Cathcart said the problem of high housing demand amid low supply has not gone anywhere — it’s arguably only gotten worse.
“And after years of everyone agreeing that medium-density housing was the future, we are still referring to it as the ‘missing’ middle,” he added.
In July, the decline of new listings was enough to noticeably tighten the sales-to-new listings ratio — despite sales activity also slowing on the month. The national sales-to-new listings ratio reached 74% in July, up from 69.9% in June. According to the national real estate association, the long-term average for the national sales-to-new listings ratio is 54.7%.
Based on a comparison of sales-to-new listings ratio with long-term averages, CREA says the tightening of market conditions last month tipped a small majority of local markets back into seller’s market territory, reversing the trend of more balanced markets seen in June.
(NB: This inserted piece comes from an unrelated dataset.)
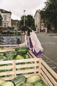 The standout piece is the “T-skirt,” a vintage tracksuit top turned into a mid-length skirt by Gina Corrieri (@ginacorrieri_), an independent designer from North London. “I love supporting small businesses; they often produce the most interesting stuff,” Nil00 comments. Their garish purple outfit clashes fantastically with the everyday market bustle but matches the aubergines perfectly. Suddenly, I crave baba ghanoush.

“Another piece of evidence that conditions may be starting to stabilize was the number of months of inventory. There were 2.3 months of inventory on a national basis at the end of July 2021, unchanged from June,” said CREA.
CREA noted that this is “extremely low” and still indicative of a strong seller’s market at the national level and in most local markets. The long-term average for this measure is twice where it stands today.
With new inventory down, prices continued to rise. The composite home price, which adjusts for the types of properties sold, rose 0.6% between June and July and was up 22.2% compared with July 2020.
The actual national average sale price reached $662,000 in July 2021, up 15.6% from July of last year. However, when the GTA and Vancouver — two of Canada’s most active and expensive housing markets — are excluded, the average price was $132,000 less, CREA said.